A tuple containing: - model (torch.nn.Module): The loaded SPURS model - cfg (OmegaConf): The model configuration

Return type

tuple

Example

>>> model, cfg = get_SPURS("path/to/checkpoint")
spurs.inference.get_SPURS_from_hub(repo_id: str = 'cyclization9/SPURS', device: str = 'cpu')[source]

Load a pre-trained SPURS model directly from the Hugging Face model hub.

This function downloads and loads a pre-trained SPURS model and its configuration from the Hugging Face model hub. This is the recommended way to get started with SPURS.

Parameters
  • repo_id (str, optional) – Hugging Face model repository ID. Defaults to “cyclization9/SPURS”.

  • device (str, optional) – Device to load the model on. Defaults to ‘cuda’ if available, else ‘cpu’.

Returns

A tuple containing:
  • model (torch.nn.Module): The loaded SPURS model

  • cfg (OmegaConf): The model configuration

Return type

tuple

Example

>>> model, cfg = get_SPURS_from_hub()
spurs.inference.get_SPURS_multi_from_hub(repo_id: str = 'cyclization9/SPURS', device: str = 'cpu')[source]

Load a pre-trained SPURS multi-mutation model from the Hugging Face model hub.

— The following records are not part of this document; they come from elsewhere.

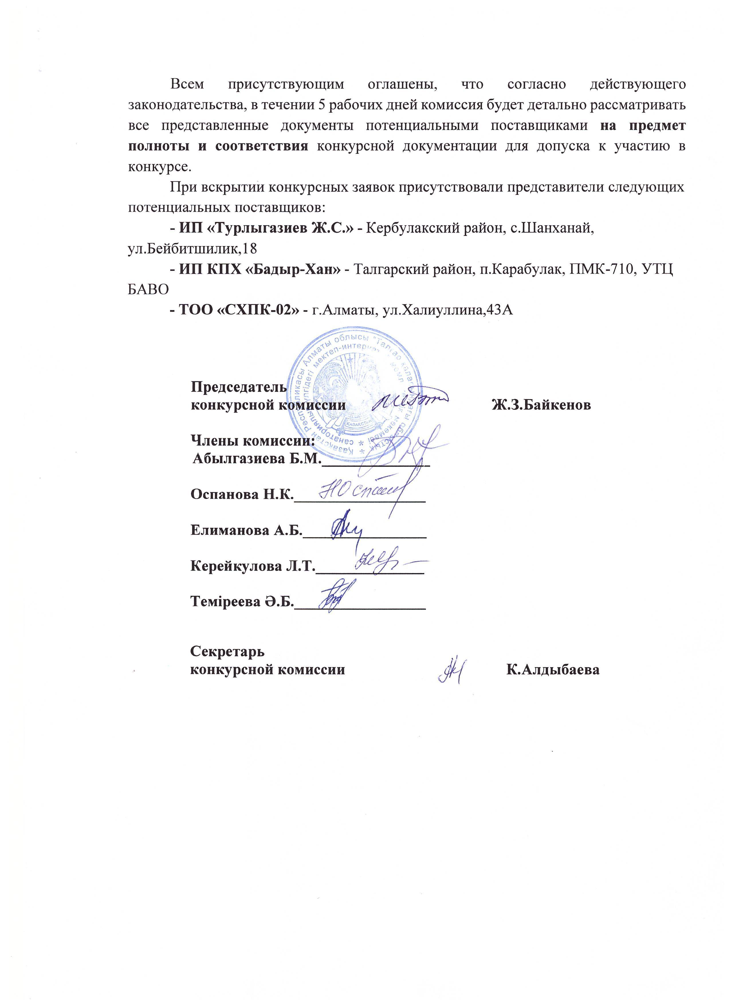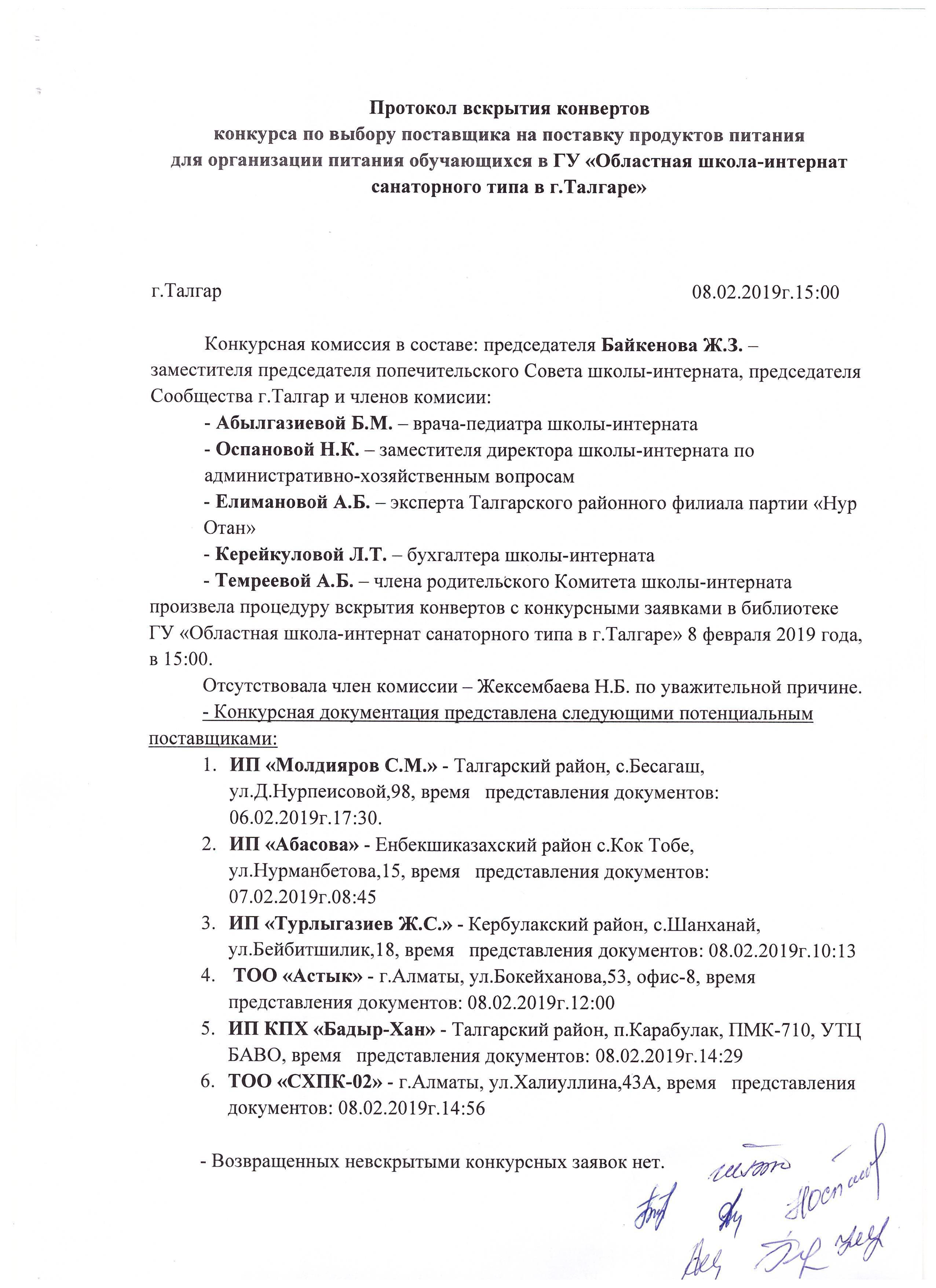 Конкурс на питание - протокол вскрытия конвертов » Талғар қаласындағы облыстық мектеп-интернаты
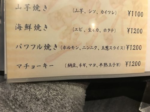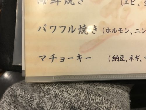 ん?何?指さされたところを見てみると、、IMAXと同じく聞いたことがない言葉が、、、マチョーキー?マチョーキー?まったくわかりません。見当がつかないです!お好み焼きのメニューの一つなのはわかるんですが、、、
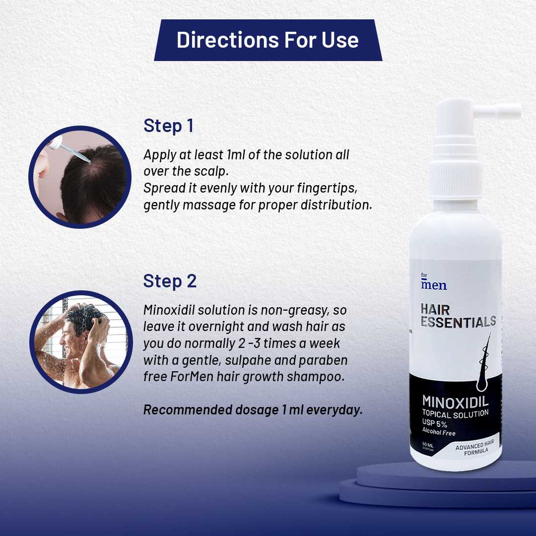 ForMen’s Minoxidil Topical Solution contain Minoxidil* 5% IP in Aqueous base. Minoxidil 5% is shown to be superior to 2% Minoxidil in men with Androgenetic Alopecia (AGA). Men using Minoxidil 5% experienced 45% more hair regrowth than 2% topical minoxidil at week 48. For more details on clinical studies, please check out the links below.

This function downloads and loads a pre-trained SPURS model specialized for predicting the effects of multiple mutations simultaneously.

Parameters
  • repo_id (str, optional) – Hugging Face model repository ID. Defaults to “cyclization9/SPURS”.

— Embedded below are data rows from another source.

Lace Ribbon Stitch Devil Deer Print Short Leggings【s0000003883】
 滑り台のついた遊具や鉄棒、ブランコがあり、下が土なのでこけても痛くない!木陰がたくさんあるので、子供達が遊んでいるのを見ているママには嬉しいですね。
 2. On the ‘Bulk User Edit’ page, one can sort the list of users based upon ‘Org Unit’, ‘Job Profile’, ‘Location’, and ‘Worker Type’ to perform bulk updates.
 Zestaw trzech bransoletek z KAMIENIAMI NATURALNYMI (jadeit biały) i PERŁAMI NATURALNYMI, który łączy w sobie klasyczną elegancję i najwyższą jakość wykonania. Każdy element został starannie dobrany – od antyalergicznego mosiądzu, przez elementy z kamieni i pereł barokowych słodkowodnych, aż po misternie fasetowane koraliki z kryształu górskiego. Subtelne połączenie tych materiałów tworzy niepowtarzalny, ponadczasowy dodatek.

  • device (str, optional) – Device to load the model on. Defaults to ‘cuda’ if available, else ‘cpu’.

Returns

A tuple containing:
  • model (torch.nn.Module): The loaded SPURS multi-mutation model

  • cfg (OmegaConf): The model configuration

Return type

tuple

Example

>>> model, cfg = get_SPURS_multi_from_hub()
spurs.inference.parse_pdb(pdb_path: str, pdb_name: str, chain: str, cfg, device: str = 'cpu')[source]

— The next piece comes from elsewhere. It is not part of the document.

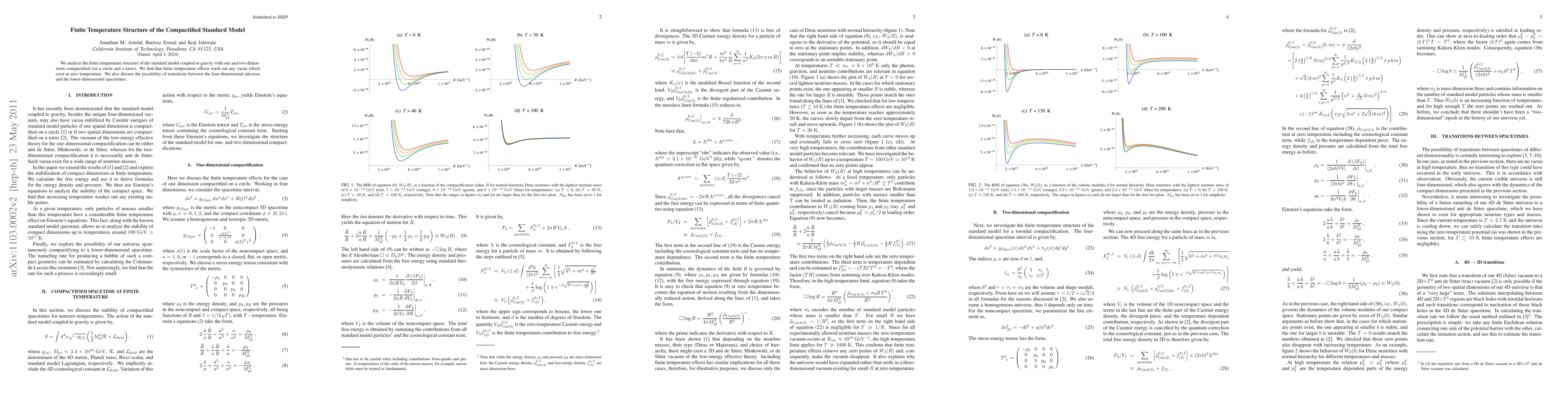 We analyze the finite temperature structure of the standard model coupled to gravity with one and two dimensions compactified (on a circle and a torus). We find that finite temperature effects wash out any vacua which exist at zero temperature. We also discuss the possibility of transitions between the four-dimensional universe and the lower-dimensional spacetimes.
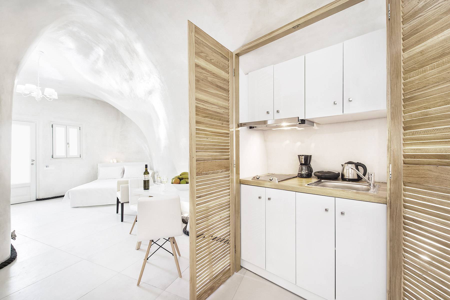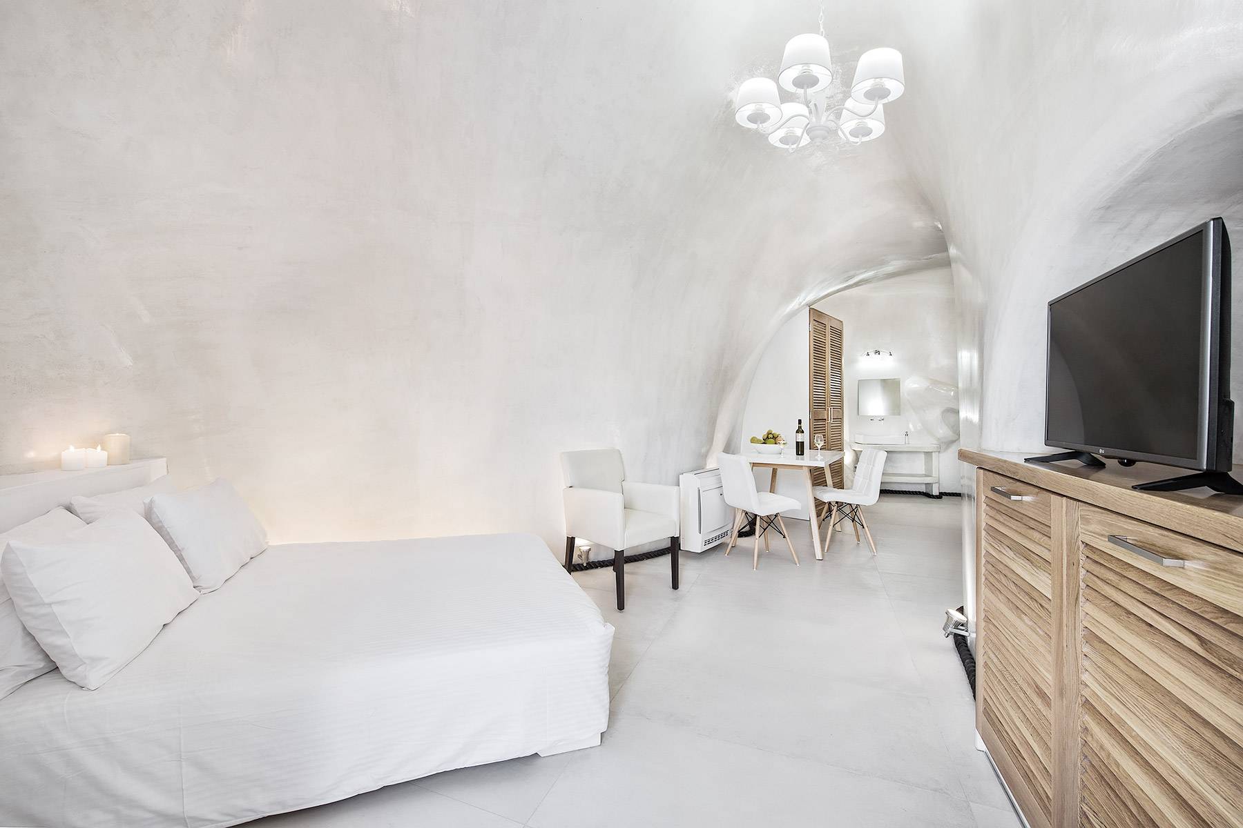 The stylish cave houses are built according to the unique architectural technique of the island’s villages. They are carefully designed to become one with the rocky cliffs externally and provide comfort and elegance internally. Each private residence can accommodate 2 to 4 persons.

Parse a PDB file and prepare it for SPURS model input.

This function processes a PDB file and converts it into the format required by SPURS models. It handles coordinate extraction, feature generation, and device placement.

Parameters
  • pdb_path (str) – Path to the PDB file

  • pdb_name (str) – Name of the protein

  • chain (str) – Chain identifier to analyze

  • cfg – Model configuration containing alphabet settings

  • device (str, optional) – Device to place the tensors on. Defaults to ‘cuda’ if available, else ‘cpu’.

Returns

A dictionary containing processed PDB data including:
  • coordinates

  • sequence information

  • features required by the model

All tensors are placed on the specified device.

Return type

dict

spurs.inference.parse_pdb_for_mutation(mut_info_list)[source]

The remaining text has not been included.